Захарыч на минуту примолк, оглядел удочку, закурил трубку и, попыхивая дымком, продолжал:

— Не один Акимка терпел; все мы терпели, — что тут поделаешь? И такая тоска была, что не приведи бог. И встал с тоской, и лег с тоской… Всяких командиров видал я на своем веку, вашескобродие, и лютых, и занозистых и, прямо сказать, бешеных, однако, другого такого, как этот самый барон Шлига, господь не насылал ни раньше, ни после.
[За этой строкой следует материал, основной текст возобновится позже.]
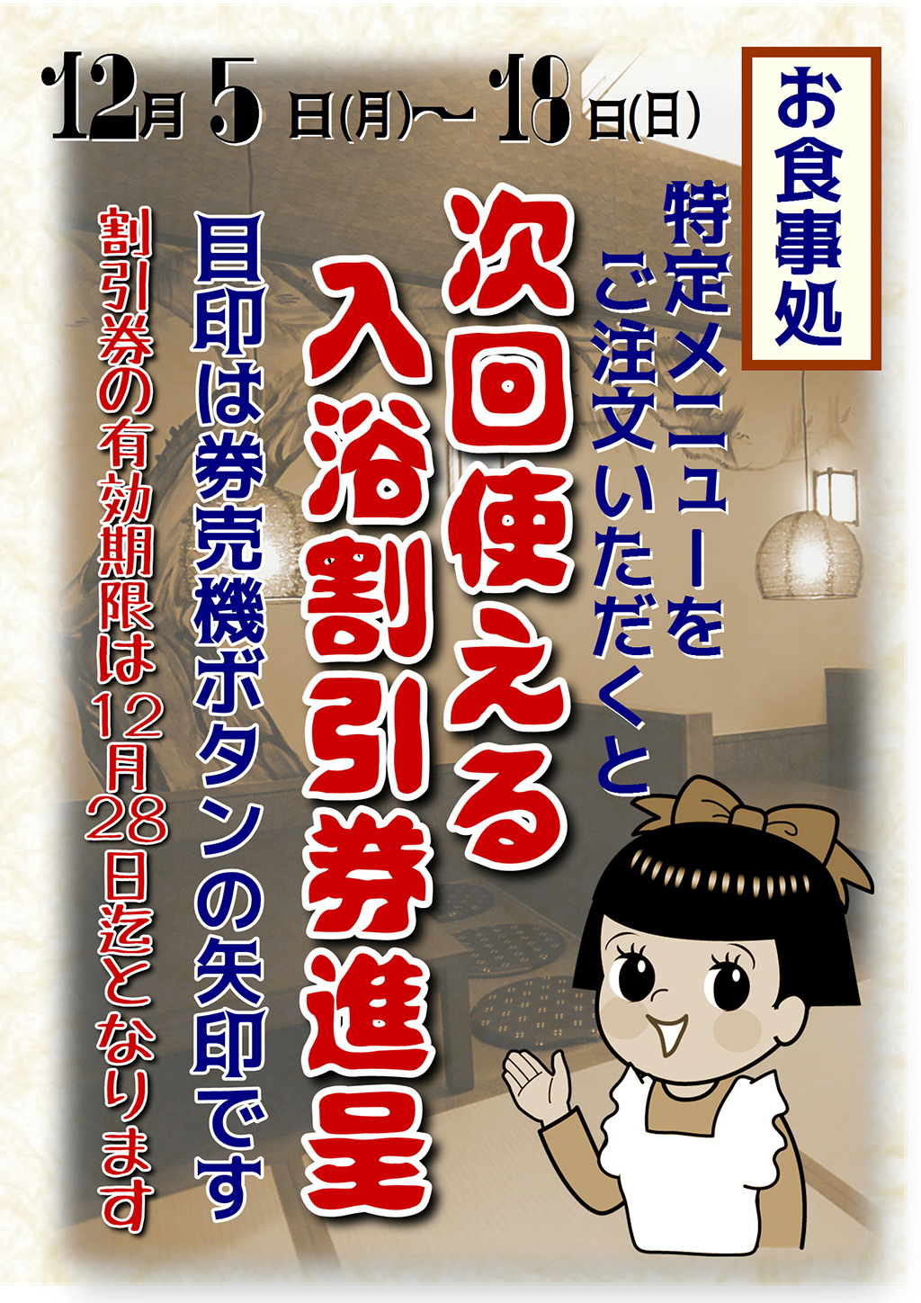 2016年11月29日 / 最終更新日時 : 2016年11月29日 okubo このイベントは終了しました 入浴割引券進呈 イベント詳細 日付: 2016年12月5 – 18日 カテゴリ: このイベントは終了しました 次回使える入浴割引券プレゼント 12/5(月)~12/18(日) お食事処で特定メニューを注文してGET! 期間中、湯快爽快たやのお食事処をご利用のお客様で、店舗指定の特定メニューをご注文いただいたお客様に、次回使える「入浴割引券」をプレゼントいたします。 湯上りに美味しい至福のひとときを、「次も嬉しい」特別なひとときに。 ※割引券の有効期限は2016年12月28日(水)です ※特別入浴料の日は割引券がご利用いただけません 共有:Tweet

Другой и зубы тебе отшлифует безо всякого, можно сказать, рассудка, и форменно отдерет, как сидорову козу, но ты можешь понять, что он хоть и тиранит тебя по своей должности и по карактеру, а, всё-таки, тобой не пренебрегает. «Такой же, мол, и матрос человек есть, но только другого, значит, звания». И, как отойдет сердце, он на тебя зверем не смотрит и доброе слово скажет… А немец-то этот Шлига матросом пренебрегал, брезговал, значит, и все мы это понимали… Небойсь, матрос наскрозь начальника понимает, кто чего стоит и от каких причин зверствует. А этот дрался, можно сказать, без всякого пыла, злобственно и ненасытно. Чуть какая неисправка, сейчас поманит тебя пальцем — беги, значит, к ему. И станет кулаком морду расписывать не спешит, с расстановкой… Вдарит и подождет. Цокнет по зубам и даст кулаку отдых… И опять, и опять, доколь не отпустит матроса с вздутым рылом, в крови. И норовил, чтобы почувствительнее. На это он ловок был. Так «дьяволом» да «анафемой» и звали его матросы промеж себя, другого названия ему и не было. И, прямо сказать, дьявол, не тем будь помянуть покойник. Никакой жалости к людям не имел, словно бесчувственный какой. У меня о сю пору знак от него остался.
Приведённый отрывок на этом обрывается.